Many clinical trials are randomised controlled trials (RCTs). Clinical trials aim to make a fair comparison between a new treatment and the existing treatment, or between two (or more) existing treatments, to see which one works best.
A controlled trial compares two groups of people: an experimental group who receive the new treatment and a control group, who receive the existing treatment or a placebo. The control group allows the researchers to see whether the treatment they are testing is any more or less effective than the existing treatment.
If you take part in a randomised controlled trial, you will usually have an equal chance of receiving any of the treatments being compared. The decision about which treatment you’ll receive is random – based on chance. A computer programme will allocate which treatment you’ll receive, not you or the doctor. This is called randomisation.
Randomisation ensures that the two groups of people in a trial are as similar as possible, except for the treatment they receive.

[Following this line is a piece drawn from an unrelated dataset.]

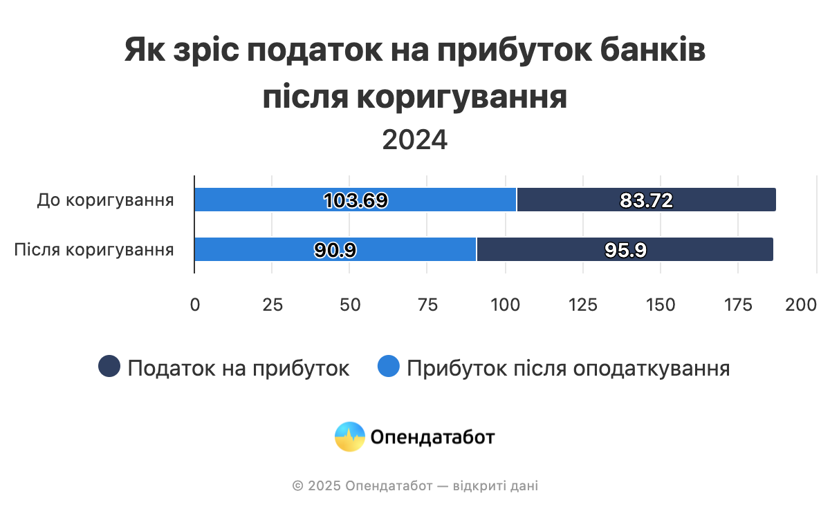 93% усіх донарахувань припало на державні банки — це 11,78 млрд грн додаткових податків. Найбільше сплатив Ощадбанк: податок на прибуток після коригування збільшився у 2,5 раза — з 4,3 до 10,66 млрд грн (+6,36 млрд грн).

This is important because it means that researchers can be sure that any differences in outcomes between the groups are therefore only due to the treatment.
Randomisation is also the best way of ensuring that the results of trials are not biased by the way treatments are selected. For example, if a doctor chose which treatment a patient should receive as part of a trial, she or he might give the new treatment to sicker patients, or to younger patients. This would make the results of a trial unreliable. Randomisation helps prevent this kind of bias.
Across the world, randomised controlled trials are now seen as the most reliable way to test new treatments and to compare two (or more) existing treatments, to see which one works best.